Classes at MPC cost $46 a unit, meaning students who take 12 units would save $552 per term and students enrolled in 16 units would save $736.

“Last year the Monterey Peninsula College Promise provided students with a first year of tuition-free college. We are now expanding free tuition to a second year to help students achieve their academic goals,” said MPC Interim Superintendent/President David Martin in a press release. “The Monterey Peninsula College Promise removes the cost of tuition from the equation, so students can earn a certificate or degree and move into higher-paying careers or transfer to a four-year university sooner. MPC is excited to be able to offer this advantage to all qualifying students, no matter their household income.”

The free in-state tuition program requires students to take 12 or more units for fall 2019 and continue through spring 2020, declare an educational goal of earning a certificate, associate’s degree or transfer to a four-year school, complete the Free Application for Federal Student Aid (FAFSA) or the California Dream Act Application and complete an MPC Orientation and develop an educational plan with a counselor.
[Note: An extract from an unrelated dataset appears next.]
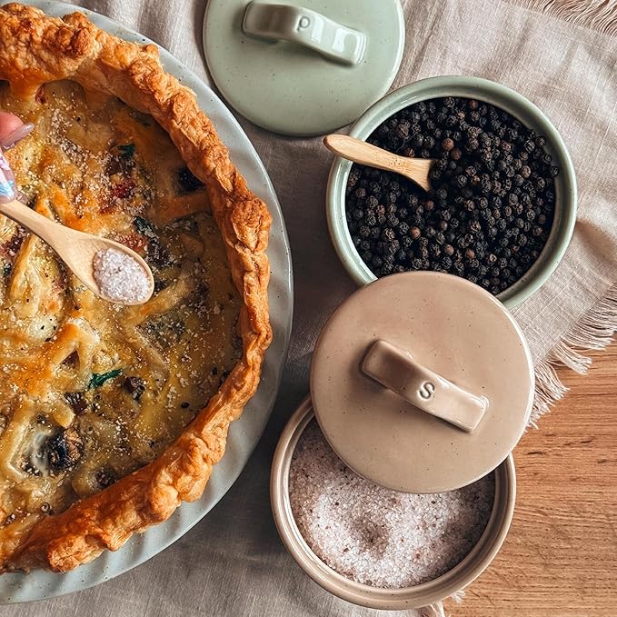 - SMART SALT-LOVING DESIGN: Where are all my salt loving people at! We love to cook, we love flavor, and we want to keep those important gourmet herbs and seasonings handy in the kitchen. Designed large enough to grab a pinch with your fingers, for controlled salt distribution. 🤌 The set comes with Lids and Spoons if you are the sanitary type. She's also not just for salt, she's versatile. Keep things organized by using your cellar for trinkets, rings, coins, buttons, etc.
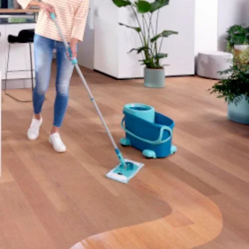 Geen schade door te veel nattigheid, geen krassen – met vloerwisserset CLEAN TWIST M Ergo Mobile. Het rotatiemechanisme centrifugeert de vloerdoek bijzonder goed droog en het vuil wordt als het ware eruit geslingerd. Vloerdoek Super Soft met zijn zachte lusjesstructuur maakt kwetsbare vloeren behoedzaam schoon. *Aanbevolen door de Vereniging van de Duitse parketindustrie (Verband der dt. Parkettindustrie)

Those looking to take advantage of the program must be first-time college students or second-year college students who met program requirements in the past academic year.

Students who received college credit before graduating from high school may participate in the program as long as they did not attend any college after graduating from high school.

“We want everybody to come and talk to Financial Aid because we’ll probably be able to help them out,” Darken said.

Qualified students can also receive help or paying for textbooks, meals, electronic devices and transportation.

“We live in a costly area where it is extremely challenging to be a college student, which typically requires working fewer hours to attend class and study,” said Beccie Michael, MPC’s vice president of advancement and the executive director of the MPC Foundation, in a statement. “In addition to tuition assistance, we offer hundreds of scholarships that are instrumental in helping financially-needy students to attend college.”

The MPC Promise Initiative is funded under state Assembly Bill 19, which is administered by the California Community College Chancellor’s Office.

“Tuition expenses are one of many challenges that our students have to consider — textbooks, childcare, transportation, food, and housing insecurities are more present than ever before as students travel through their educational experience. The expansion of the MPC Promise program provides yet another financial resource to students to address some of the financial challenges that may impact student success, but it is important that they are aware of the variety of additional resources we have to offer at MPC,” said Larry Walker, vice president of Student Services, in a statement. “Financial support is just one piece of the puzzle. Our team stands ready to help provide the support that students need to make the transition to college and through to their graduation.”